_Task to carry out_
Pictures must not appear in the copy. Restate exactly the lines below from the one with "L'escalier commence près" through the one with "本研究完成雌雄性海龍基因組的破譯,草海龍最終組裝大小為 ~659 Mb(♂)與", inclusive.

_Data records_
___
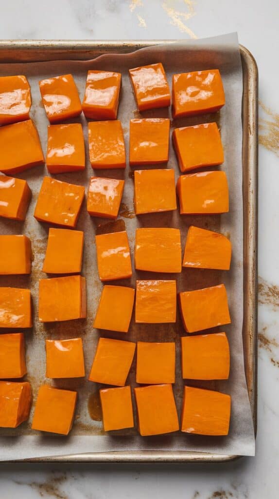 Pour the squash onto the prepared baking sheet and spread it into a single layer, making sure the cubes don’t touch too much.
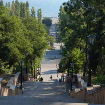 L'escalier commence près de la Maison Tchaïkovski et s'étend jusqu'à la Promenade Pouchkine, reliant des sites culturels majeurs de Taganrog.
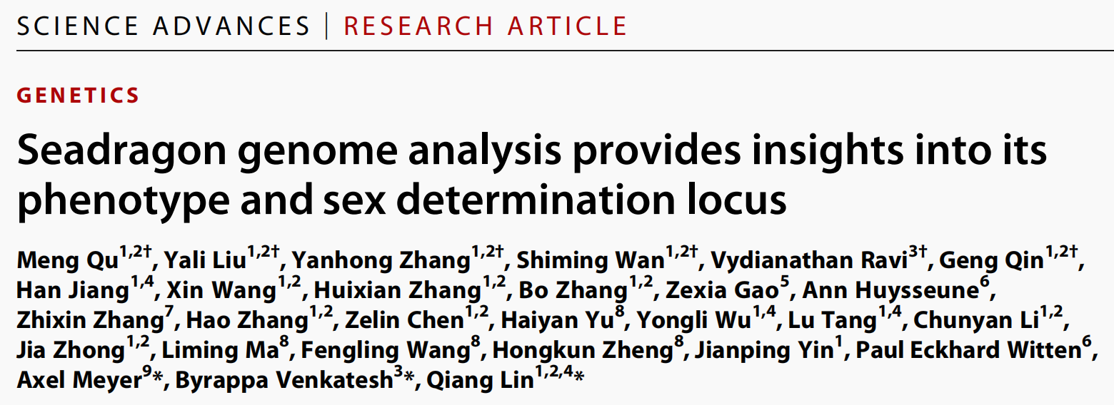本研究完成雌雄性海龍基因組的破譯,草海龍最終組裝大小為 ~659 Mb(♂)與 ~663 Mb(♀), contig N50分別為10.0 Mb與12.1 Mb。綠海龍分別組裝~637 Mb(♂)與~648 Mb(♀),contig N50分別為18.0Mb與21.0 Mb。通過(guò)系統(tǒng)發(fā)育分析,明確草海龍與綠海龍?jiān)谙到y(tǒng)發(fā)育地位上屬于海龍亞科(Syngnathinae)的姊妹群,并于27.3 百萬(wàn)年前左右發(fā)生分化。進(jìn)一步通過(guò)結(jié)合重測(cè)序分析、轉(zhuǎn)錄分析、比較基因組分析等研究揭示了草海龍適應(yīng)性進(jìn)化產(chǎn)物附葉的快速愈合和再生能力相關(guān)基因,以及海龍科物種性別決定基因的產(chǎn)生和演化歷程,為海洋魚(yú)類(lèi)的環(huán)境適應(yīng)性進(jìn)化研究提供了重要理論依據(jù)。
___
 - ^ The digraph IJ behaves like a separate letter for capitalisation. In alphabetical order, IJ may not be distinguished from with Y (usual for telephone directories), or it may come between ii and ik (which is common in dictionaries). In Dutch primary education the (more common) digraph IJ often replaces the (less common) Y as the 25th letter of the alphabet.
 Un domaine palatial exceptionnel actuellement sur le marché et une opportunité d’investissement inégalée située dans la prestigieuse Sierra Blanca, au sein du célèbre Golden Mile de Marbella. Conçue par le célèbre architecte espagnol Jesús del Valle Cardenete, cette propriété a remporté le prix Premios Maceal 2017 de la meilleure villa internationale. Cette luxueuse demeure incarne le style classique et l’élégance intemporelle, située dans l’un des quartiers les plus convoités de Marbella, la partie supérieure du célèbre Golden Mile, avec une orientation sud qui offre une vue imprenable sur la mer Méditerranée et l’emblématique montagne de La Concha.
___
_Problem solution_
 L'escalier commence près de la Maison Tchaïkovski et s'étend jusqu'à la Promenade Pouchkine, reliant des sites culturels majeurs de Taganrog.
本研究完成雌雄性海龍基因組的破譯,草海龍最終組裝大小為 ~659 Mb(♂)與 ~663 Mb(♀), contig N50分別為10.0 Mb與12.1 Mb。綠海龍分別組裝~637 Mb(♂)與~648 Mb(♀),contig N50分別為18.0Mb與21.0 Mb。通過(guò)系統(tǒng)發(fā)育分析,明確草海龍與綠海龍?jiān)谙到y(tǒng)發(fā)育地位上屬于海龍亞科(Syngnathinae)的姊妹群,并于27.3 百萬(wàn)年前左右發(fā)生分化。進(jìn)一步通過(guò)結(jié)合重測(cè)序分析、轉(zhuǎn)錄分析、比較基因組分析等研究揭示了草海龍適應(yīng)性進(jìn)化產(chǎn)物附葉的快速愈合和再生能力相關(guān)基因,以及海龍科物種性別決定基因的產(chǎn)生和演化歷程,為海洋魚(yú)類(lèi)的環(huán)境適應(yīng)性進(jìn)化研究提供了重要理論依據(jù)。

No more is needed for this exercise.